» WHAT TO DO
Excerpt from the entries below: please repeat exactly the lines from the one containing "- Formacionet zyrtare: Trepça" through the last one, both ends included, with no pictures.
───── GIVEN DATA ─────
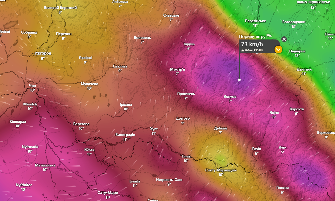 Ужгород, 24 жовтня 2025 року. На територію Закарпаття насувається потужний штормовий фронт. За даними синоптиків, у гірських районах області очікуються пориви вітру до 73 км/год, місцями з сильними опадами. Найбільш інтенсивні вітри прогнозують у районах Міжгір’я, Рахова, Лопухова та Ясіні.
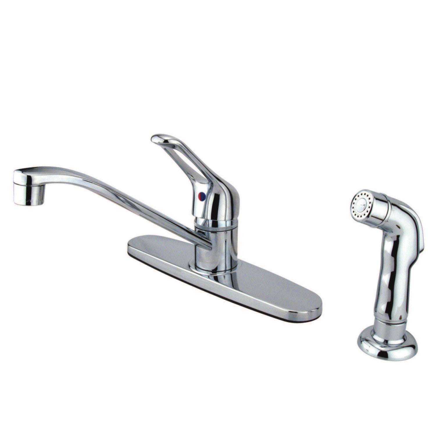 Seamlessly interweaving elements from both modern and classic design, this faucet embodies the finest design elements for a transitional styling, fitting any home decor. Easily adaptable to any style, centerset faucets are admired for their single unit and ease of installation. The polished chrome finish will also add a glistening elegance to your kitchen ensemble. A sturdy brass construction and swivel abilities make for a reliant and long lasting fixture. Utilize the included matching finish side-sprayer for convenience in cleaning hard-to-reach areas.
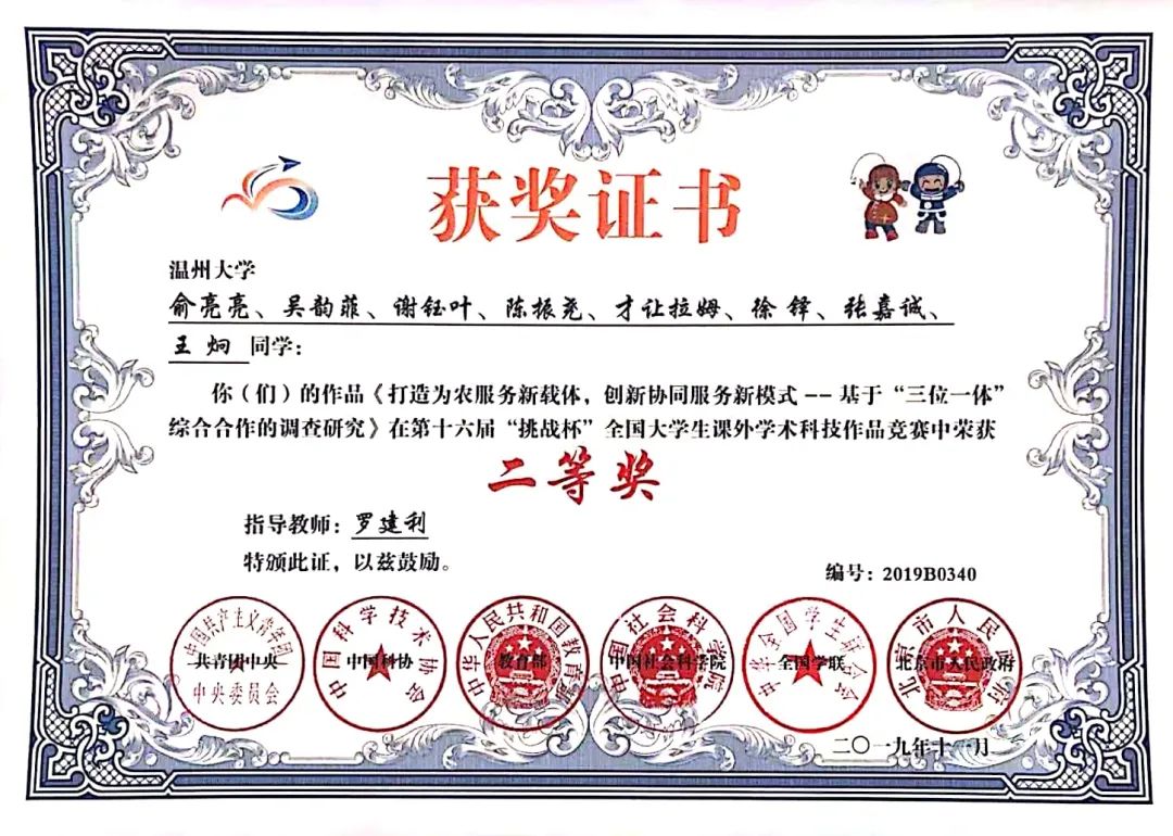 《打造为农服务新载体,创新协同服务新模式——基于“三位一体”综合合作的调查研究》获得第十六届“挑战杯”全国老员工课外学术科技作品竞赛二等奖,提出了由“三位一体农合联”与“三位一体合作社”共同构成的三位一体综合合作体系。该体系从生产、供销、信用方面入手,解决生产技术落后、供销渠道狭窄、周转资金不足等问题,其本质是整合乡村要素资源,打造为农综合服务平台,从而能够有效促进城乡资源双向流动和要素合理配置,为农村发展注入新的动力。在此项目基础上继续开展的新课题荣获浙江省第十七届“挑战杯”老员工课外学术科技作品竞赛特等奖,并向国赛奖项发起冲击。
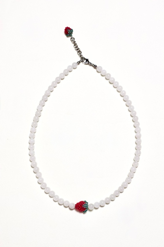 Naszyjnik Truskawka w Śmietanie z jadeitu zachwyca mlecznym odcieniem i ręcznie wykonaną koralikową truskawką. Subtelny, romantyczny i pełen dobrej energii — delikatny dodatek inspirowany harmonią natury i codzienną słodyczą chwil.
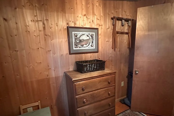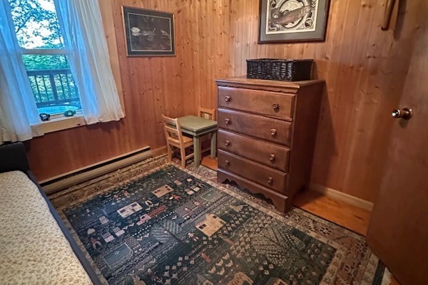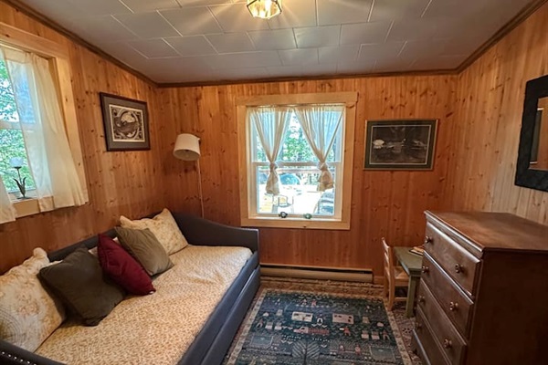 This twin bed with pull-out trundle is perfect for kids or extra guests. Bright and airy with closet storage, it’s a cozy nook for rest or quiet time. Extra linens in closet. Extra pillows in dresser
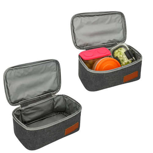 PEANUT Lonchera rectangular con interior reforzado en plástico y asa superior en curpiel.
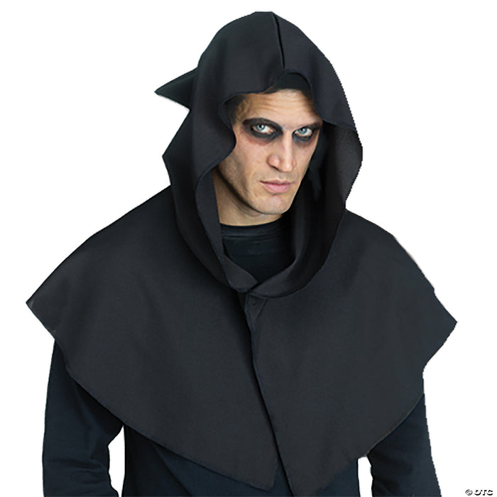 This Hooded Capelet will complete any mysterious, evil, or medieval look. This capelet is unisex and will help to create an era of mystery and suspense. Perfect for a skeleton, reaper, or medieval monk.
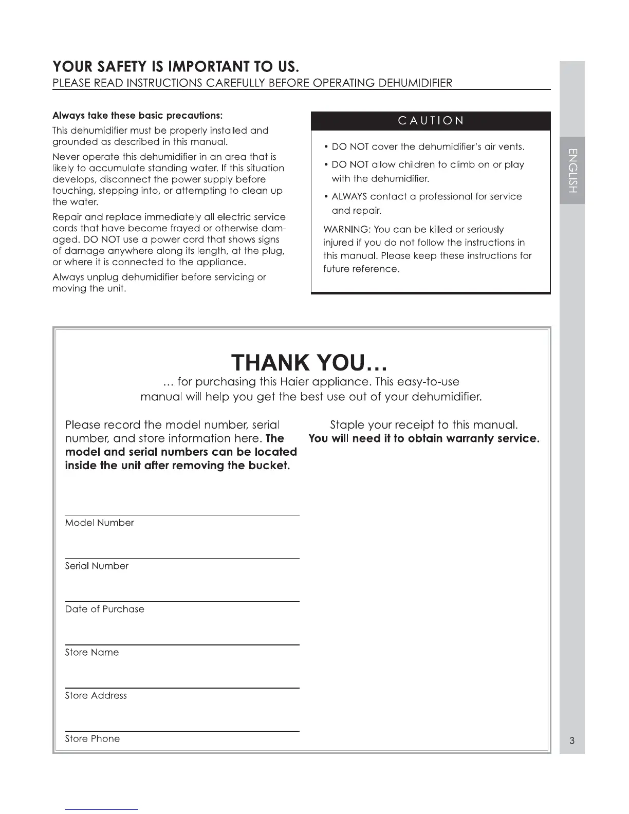 Haier DM32EK - Essential Safety Guidelines; Basic Operational Safety; Critical Warnings and Cautions; Product Information and Warranty Record
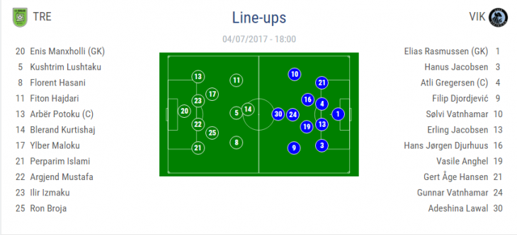 - Formacionet zyrtare: Trepça ’89 – Vikingur Gota
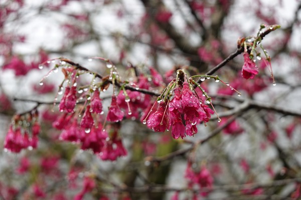 由三星鄉驅車往上爬,前往明池。一路上煙雨繚繞,似霧或雨。接近明池山莊時道路遭封守,因前方道路施工,靜待整點通行時下車欣賞四周山上景色。山櫻花在雨中開花,每一朵花都含水珠,另有一番風味。 2026年2月2攝於明池
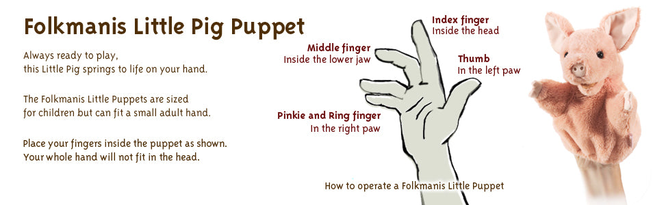 Bring barnyard charm and playful snorts to life with the Folkmanis® Little Pig Puppet. Crafted from ultra-soft pink plush, this little pig is delightfully cuddly, yet perfectly designed for imaginative storytelling. Slide your hand inside and animate its movable mouth and front legs, allowing the pig to oink, gesticulate, or “sing” any farmyard tale you create.
─────
» SOLUTION
 - Formacionet zyrtare: Trepça ’89 – Vikingur Gota
 由三星鄉驅車往上爬,前往明池。一路上煙雨繚繞,似霧或雨。接近明池山莊時道路遭封守,因前方道路施工,靜待整點通行時下車欣賞四周山上景色。山櫻花在雨中開花,每一朵花都含水珠,另有一番風味。 2026年2月2攝於明池
 Bring barnyard charm and playful snorts to life with the Folkmanis® Little Pig Puppet. Crafted from ultra-soft pink plush, this little pig is delightfully cuddly, yet perfectly designed for imaginative storytelling. Slide your hand inside and animate its movable mouth and front legs, allowing the pig to oink, gesticulate, or “sing” any farmyard tale you create.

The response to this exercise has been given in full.